» **Supplied data**
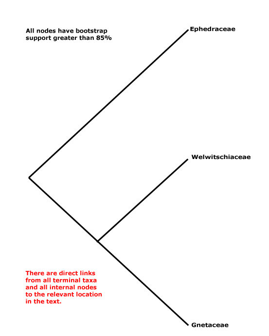 Phylogeny. Within Gnetales the relationships [Ephedra [Gnetum + Welwitschia]] have consistently been recovered (e.g. Price 1996).
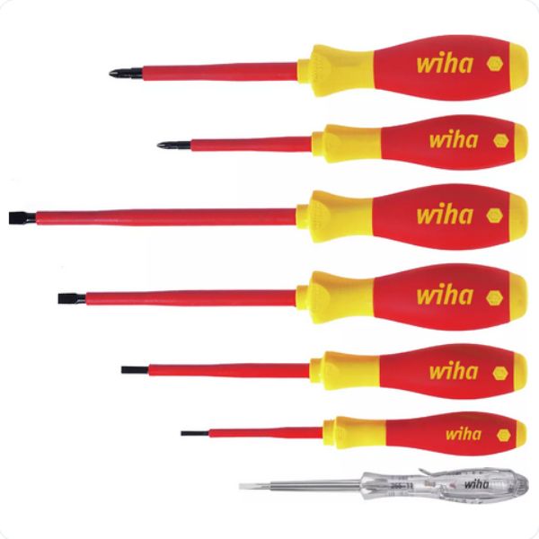 Jeu de 7 tournevis à fente/Phillips SoftFinish pour électriciens. Isolation jusqu'à 1000V c.a., certifié VDE et GS.
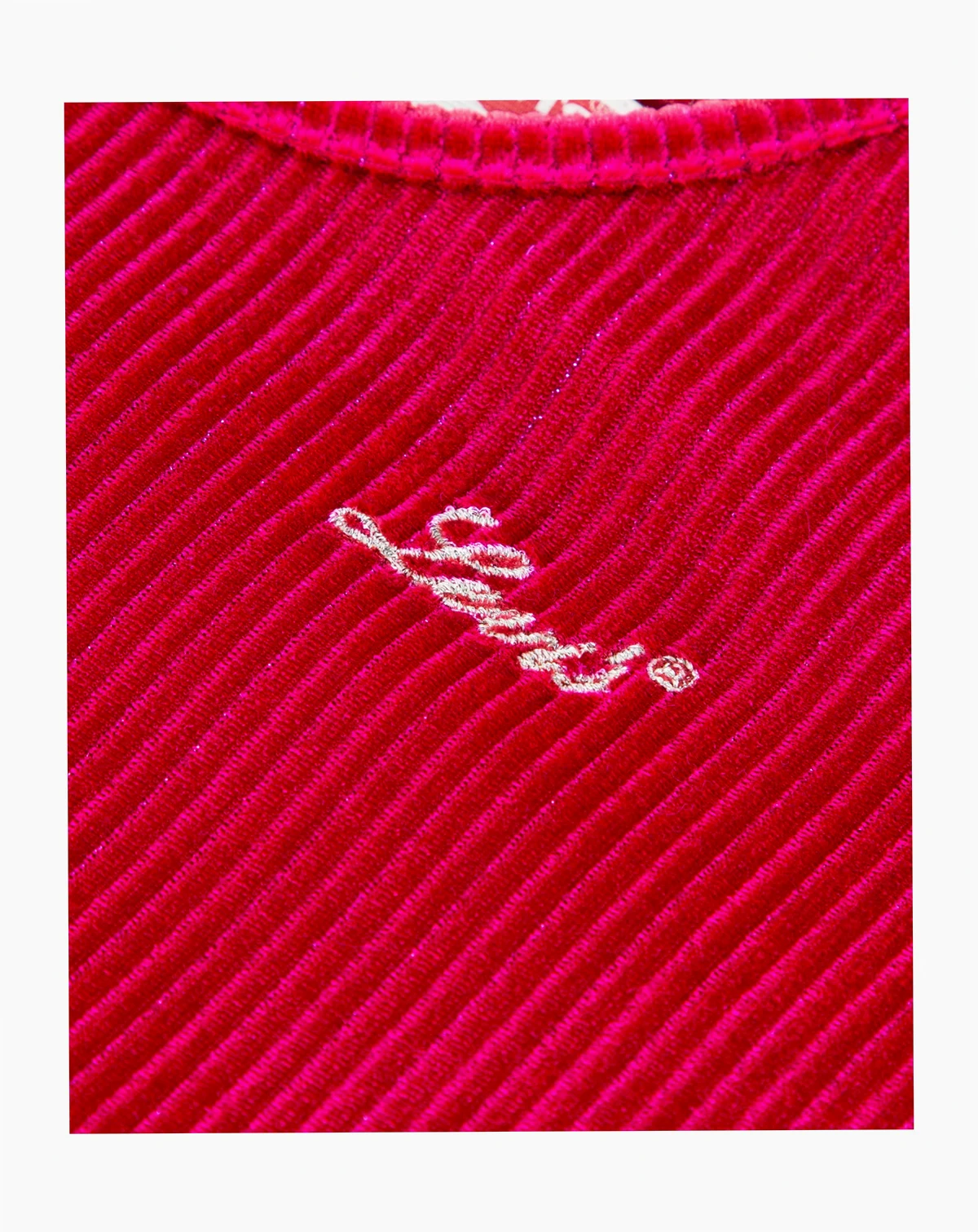 Perfect for casual layering, mixing and matching, or wearing solo, this lovely Levi's set blends soft comfort with festive mood. Crafted from soft, ribbed velour knit fabric, this cozy set will surely become a cherished favorite.

» **Your instructions**
Although the material contains pictures, only the lines are to be written out, exactly as they stand.

» **Response**
 Phylogeny. Within Gnetales the relationships [Ephedra [Gnetum + Welwitschia]] have consistently been recovered (e.g. Price 1996).
 Jeu de 7 tournevis à fente/Phillips SoftFinish pour électriciens. Isolation jusqu'à 1000V c.a., certifié VDE et GS.
 Perfect for casual layering, mixing and matching, or wearing solo, this lovely Levi's set blends soft comfort with festive mood. Crafted from soft, ribbed velour knit fabric, this cozy set will surely become a cherished favorite.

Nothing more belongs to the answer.